### Stored data
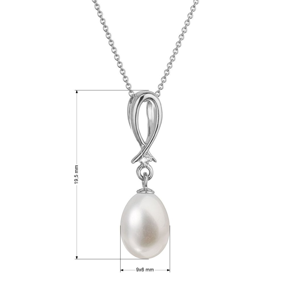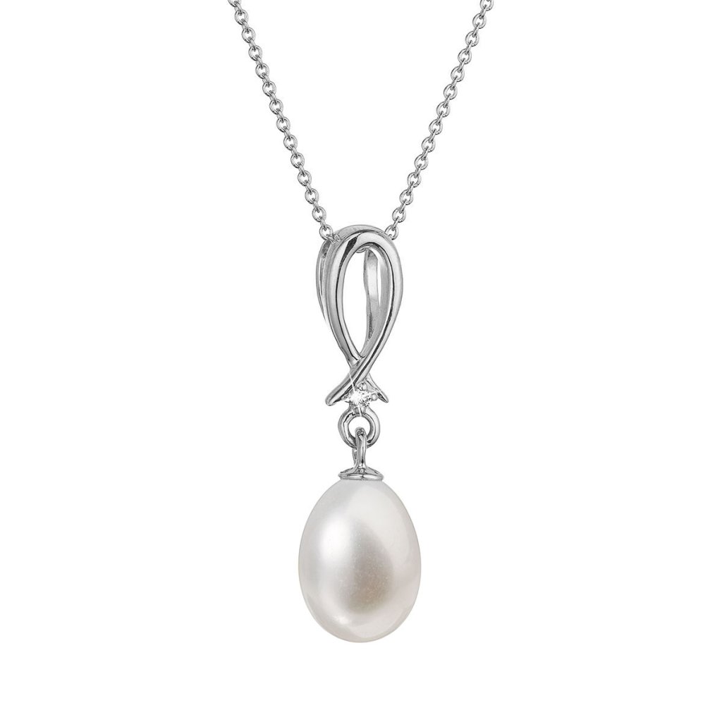 Zlatý 14 karátový náhrdelník biele zlato s bielou riečnou perlou a briliantom 82PB00034
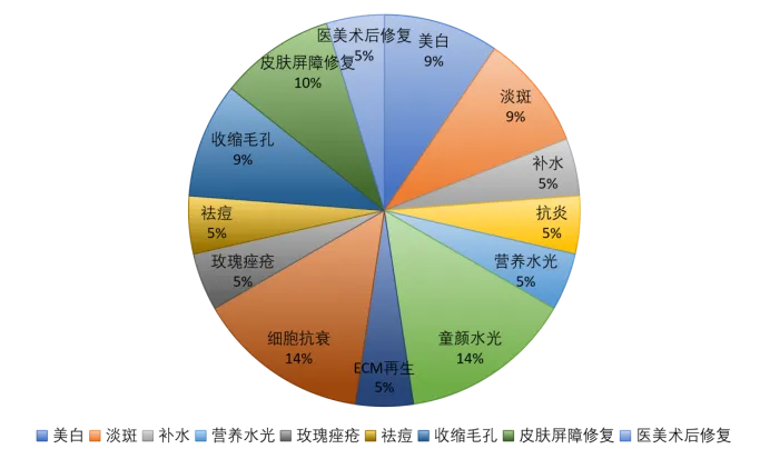 根据对求美者的调研,当前功效护肤需求展现“核心需求高度集中、基础需求均衡分布、小众需求精准卡位”的分布特征。
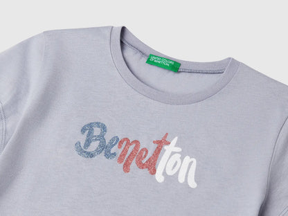 Short sleeve crew neck t-shirt in pure organic cotton with regular fit. A basic piece that's comfy on the skin, enriched by a multicolor glittery logo print on the front. Item made with material containing at least 95% organic cotton.
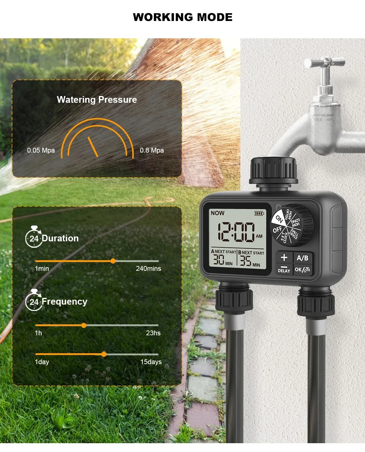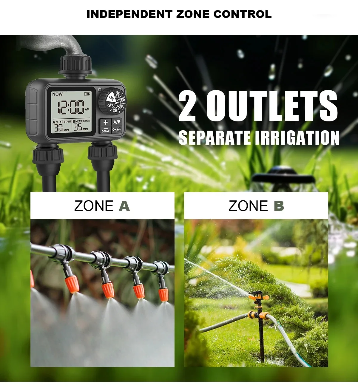Newest 2-outlet Digital Water Timer Independent Programming Control Adjustable Sprinker Easy Installation Garden Lawn Irrigate
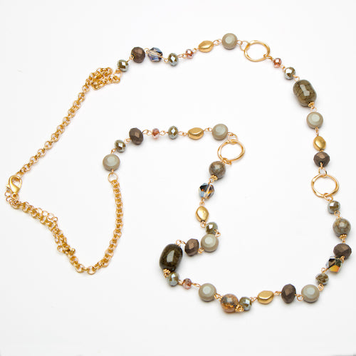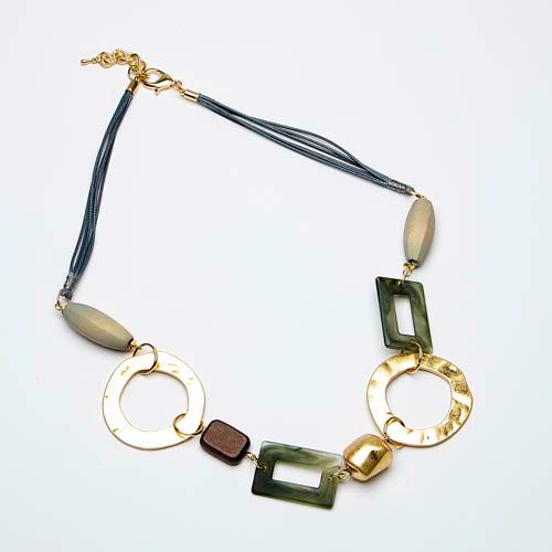 Short necklace with metal, wood and bead details
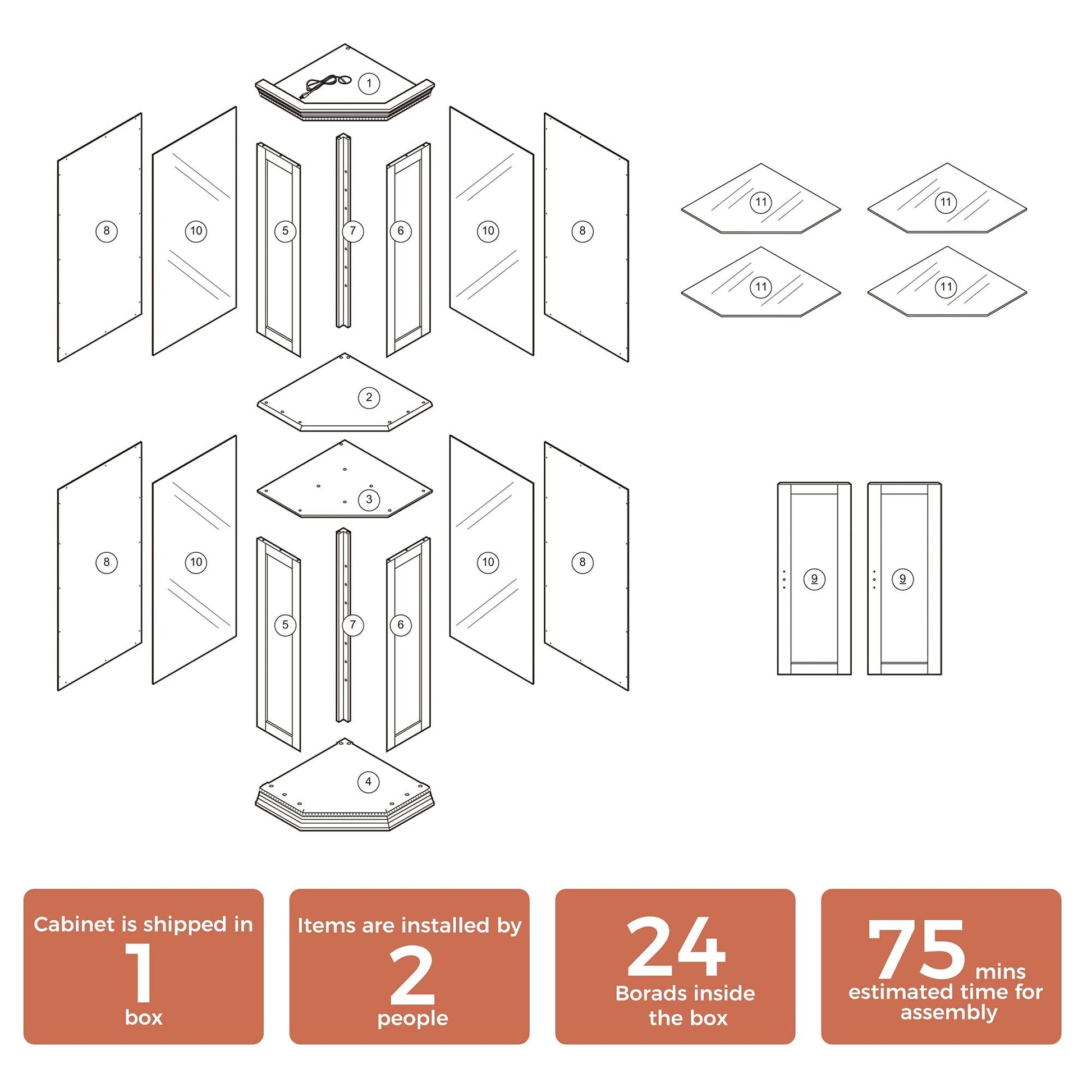 Corner Curio Cabinet With Lights, Adjustable Tempered Glass Shelves, Mirrored Back, Display Cabinet,Light Walnut E26 Light Bulb Not Included Walnut Mdf
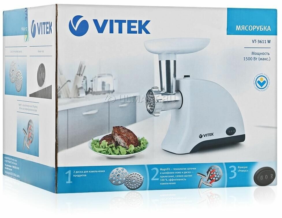 10 цен на vitek vt-3611 (w) белый мясорубка
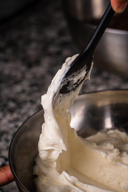 Another challenge is ice crystal formation, addressed by emphasizing rapid freezing and proper storage. Guides recommend pre-chilling the base mixture for at least two hours, and sometimes overnight, to accelerate the process. If the mixture doesn’t freeze, PDFs advise checking the freezer bowl’s temperature and mixer speed.
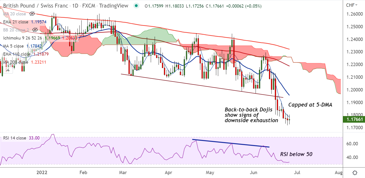 Summary: GBP/CHF extends sideways grind, shows signs of downside exhaustion. Major trend remains bearish. Upticks are likely to be limited.
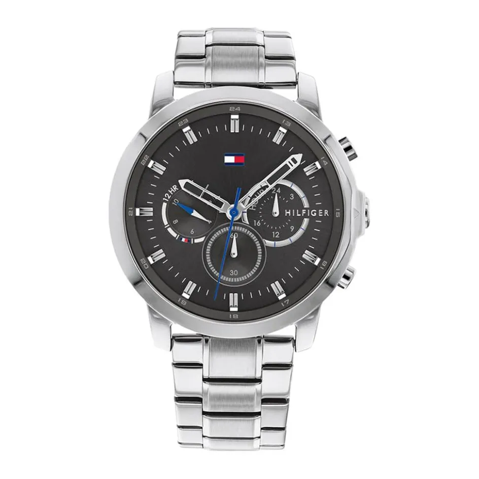 Montre Tommy Hilfiger Jameson Acier Blanc Ronde Quartz Chronographe 44mm Fond Gris Bracelet Acier Argenté 1791794
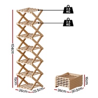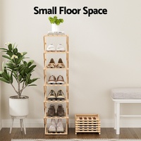 Maximise your space with this elegant Artiss shoe rack! Crafted from sustainable bamboo, this 7-tier organiser provides smart shoe storage for entryways, laundries or garages. The foldable design features a stable X-frame structure, vented panels for airflow, and smooth rounded corners for safety. With no assembly required, it offers instant organisation - each shelf holds 2.5KG. Perfect for rental homes! Compact dimensions: 23.5x25x104cm. Pine finish. 1 package.
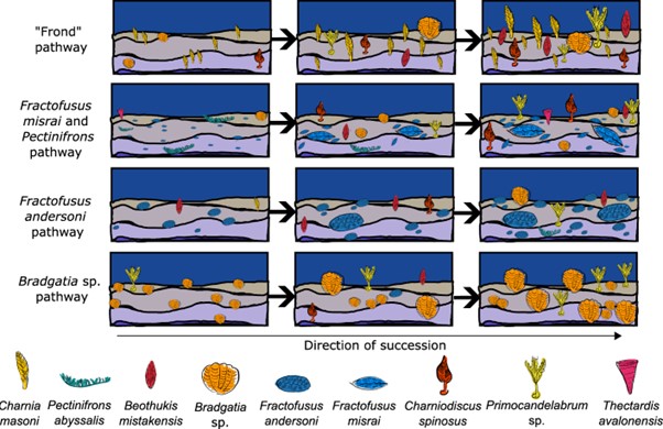 In this paper, we were interested in how these first animal communities developed. Ecological communities go through a process known as ecological succession, whereby the community changes through time from initial colonising species, to a stable climax community (e.g., from mosses and lichens, to shrubland, to forests). As communities mature, they tend to go through changes in their composition and community dynamics. For example, in forest systems, early colonisers such as mosses and fungi might facilitate later-stage trees by enriching the soil, but later stage trees might outcompete other plants for light by shading them. It has previously been suggested that, for Avalon communities, maturation is driven by a turnover community composition and an increase in tiering processes. Tiering processes, where different species occupy distinct vertical regions of the water column to avoid competition with each other, is normally a result of competition for resources between species. We wanted to test whether community maturity correlated with increases in tiering and community composition in order to understand the key evolutionary mechanisms in these first animal communities.

### EXERCISE DETAILS
Copy out every line of the data exactly, leaving the images behind.

### REPLY TO THE EXERCISE
 Zlatý 14 karátový náhrdelník biele zlato s bielou riečnou perlou a briliantom 82PB00034
 根据对求美者的调研,当前功效护肤需求展现“核心需求高度集中、基础需求均衡分布、小众需求精准卡位”的分布特征。
 Short sleeve crew neck t-shirt in pure organic cotton with regular fit. A basic piece that's comfy on the skin, enriched by a multicolor glittery logo print on the front. Item made with material containing at least 95% organic cotton.
Newest 2-outlet Digital Water Timer Independent Programming Control Adjustable Sprinker Easy Installation Garden Lawn Irrigate
 Short necklace with metal, wood and bead details
 Corner Curio Cabinet With Lights, Adjustable Tempered Glass Shelves, Mirrored Back, Display Cabinet,Light Walnut E26 Light Bulb Not Included Walnut Mdf
 10 цен на vitek vt-3611 (w) белый мясорубка
 Another challenge is ice crystal formation, addressed by emphasizing rapid freezing and proper storage. Guides recommend pre-chilling the base mixture for at least two hours, and sometimes overnight, to accelerate the process. If the mixture doesn’t freeze, PDFs advise checking the freezer bowl’s temperature and mixer speed.
 Summary: GBP/CHF extends sideways grind, shows signs of downside exhaustion. Major trend remains bearish. Upticks are likely to be limited.
 Montre Tommy Hilfiger Jameson Acier Blanc Ronde Quartz Chronographe 44mm Fond Gris Bracelet Acier Argenté 1791794
 Maximise your space with this elegant Artiss shoe rack! Crafted from sustainable bamboo, this 7-tier organiser provides smart shoe storage for entryways, laundries or garages. The foldable design features a stable X-frame structure, vented panels for airflow, and smooth rounded corners for safety. With no assembly required, it offers instant organisation - each shelf holds 2.5KG. Perfect for rental homes! Compact dimensions: 23.5x25x104cm. Pine finish. 1 package.
 In this paper, we were interested in how these first animal communities developed. Ecological communities go through a process known as ecological succession, whereby the community changes through time from initial colonising species, to a stable climax community (e.g., from mosses and lichens, to shrubland, to forests). As communities mature, they tend to go through changes in their composition and community dynamics. For example, in forest systems, early colonisers such as mosses and fungi might facilitate later-stage trees by enriching the soil, but later stage trees might outcompete other plants for light by shading them. It has previously been suggested that, for Avalon communities, maturation is driven by a turnover community composition and an increase in tiering processes. Tiering processes, where different species occupy distinct vertical regions of the water column to avoid competition with each other, is normally a result of competition for resources between species. We wanted to test whether community maturity correlated with increases in tiering and community composition in order to understand the key evolutionary mechanisms in these first animal communities.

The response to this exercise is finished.